厄介事から離れられてちょっとほっとした顔をしていた。先生、頑張れ!と無性に応援したくなる人だ。
「シゼル隊長、身体が辛かったら遠慮なくつかまってくださいね」
タクシーから降りて、あまりきれいとは言えない細い小道へ入っていく。
場所が選べないのが残念だ。
もしかしたら転移の起点は何処でも成功するのかもしれないけど。
やはり世界が異なるせいか、こちらで発動する魔学は思う通りにならず、威力は極端に目減りしていた。できるだけ成功率が高くなる条件を整えておかないと、目も当てられない事態に陥りそうだ。
…う、緊張してきた。
これで駄目だったら…。
いやいや! そんな嫌な事は考えない! 強気で行こう! 強気で!
「じゃあ、始めますね」
「わかった。頼む」
シゼル隊長はほんの一週間ほどでこちらがぎょっとするほど言葉を理解できるようになった。

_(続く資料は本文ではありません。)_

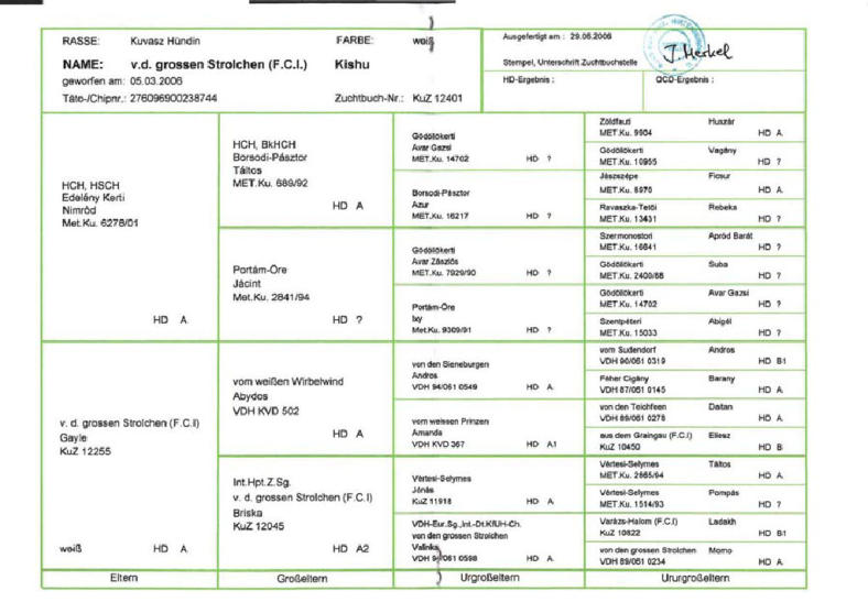 Ahnentafel - ´Klub für Ungarische Hirtenhunde - KfUH

携帯テレビで学習したって言ってたけど、じいちゃんと釣りの話で普通に盛り上がっていた時には、思わず目を疑ったよ。
「ええと、転移するために私の周りの空間を繋げますので、できるだけ近くに来てください」
「わかった。これでいいか?」
「そうですね…なるべくくっついた方がこちらの負担が少ないので、うーん、どうしようかな」
手でも繋ごうかと考えていると、するりと腰に腕が廻された。
…お?
横にいたシゼル隊長に自然と引き寄せられて、寄り添うようなかたちになる。
「これならいいか」
「え、あ、はい!」
斜め背後に立っている隊長の肩に頭が当たっている。…とてつもなく近い。
うっかり離れ離れにならないように、しっかりとつかまってもらうのは望む所なんだけど、この体勢は…。
そういえば、ゼイアスの人たちってどっちかといえば西洋系の生活スタイルだったような。つまりシゼル隊長だって照れもなく、こういう事を平然とやってしまえるわけで…。
…何だろう、この追い詰められた気分は。
自分から言い出したくせに、やってしまった感が否めない…!
あああああ。
いやいやいや、深く考えるのは止めて、さっさとやろう!
「始めます!」
風の神に捧げる誓印をいつもより丁寧に描く。
「其は風の導―――此れをもって約と為す―――是と承すれば開門せよ!」
高らかに詠じれば、その瞬間、真正面から襲い掛かるかのように強い風が吹き付けてきた。
目を開けていられない。シゼル隊長の腕に力がこもるのがわかる。
―――来る!
そう感じた瞬間、身体から体重が失われたような奇妙な浮遊感に引きずり込まれた。